My advice is to treat these prizes like the lottery, because they are largely just that — yes, it’s important to submit your best work, but it’s a matter of luck and timing for that work to find the right reader. So, like the lottery, don’t spend too much money on this enterprise: give yourself a budget and see how many contests you can enter within your budget. Only submit to contests with presses with which you’d love working. Winning a poetry prize should make you feel delighted, not disappointed that you didn’t set your aims higher.

Finally, you’re going to need some grit; you’re going to need to learn to at least tolerate rejection if not revel in it. You’re going to have to nourish your faith in your own work — not an easy task, and not one easily accomplished alone. I highly recommend finding a writing buddy with whom you can exchange work and bemoan prize fees and cheer each other on.

What is your current major project, and what would you like to say about it?

Oh to have just one “current major project!” I am a little incapable of that. I have a finished manuscript that is making the prize rounds; at least, I think/hope it’s finished — if it doesn’t win a prize soon, I might have to go back and tinker with it again.

Right now, I am editing the poems I’ve written over the last couple years and trying to figure out what the next manuscript is going to be about. So far, it appears to be about dreams — literal dreams, as some of the poems are inspired by dreams I’ve had — as well as the concept of “The American Dream,” and how we internalize and excavate various cultural myths. I also have poems about mandrakes and the moon and creeks and family.

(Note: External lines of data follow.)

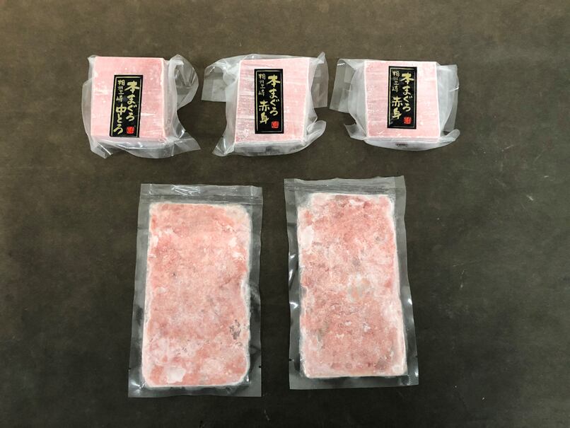 天然本まぐろ中トロ柵100g×1、天然本まぐろ赤身柵100g×2、すきみ100g×2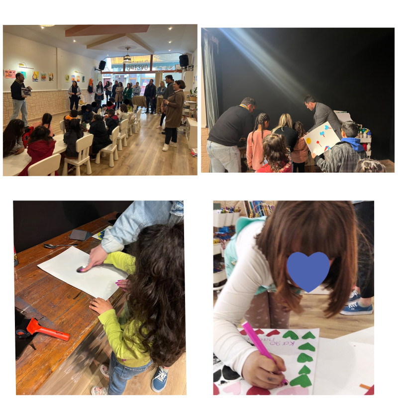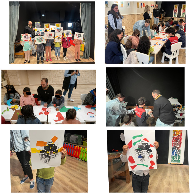 Κατά τη διάρκεια της δράσης ο εικαστικός- χαράκτης, υπεύθυνος του τμήματος χαρακτικής του Κ.Δ.Α.Π. Αμεα «Μωβ Πυξίδα» κ. Παναγιώτης Πριστούρης, ξενάγησε τα παιδιά στην έκθεση όπου είχαν την ευκαιρία να απολαύσουν έργα χαρακτικής, δημιουργίες παιδιών με αναπηρίες από το Κ.Δ.Α.Π. Αμεα «Μωβ Πυξίδα» και στη συνέχεια υλοποιήθηκε εργαστήριο κολλαγραφίας όπου το κάθε παιδί δημιούργησε το δικό του έργο.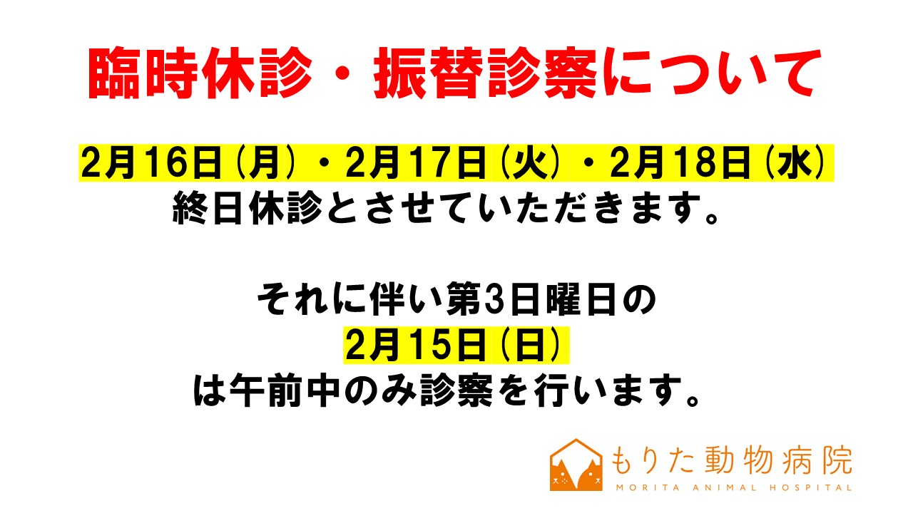 2026年2月16日(月)、2月17日(火)、2月18日(水)は終日臨時休診とさせていただきます。

In other words, it’s about everything as far as I can tell.

Amie Whittemore is the author of the poetry collection Glass Harvest (Autumn House Press), the 2020 Poet Laureate of Murfreesboro, Tennessee, and an Academy of American Poets Laureate Fellow. Her poems have won multiple awards, including a Dorothy Sargent Rosenberg Prize, and her poems and prose have appeared in The Gettysburg Review, Nashville Review, Smartish Pace, Pleiades, and elsewhere. She is the Reviews Editor for Southern Indiana Review and teaches English at Middle Tennessee State University.

Sophia Maas is a student at Middle Tennessee State University.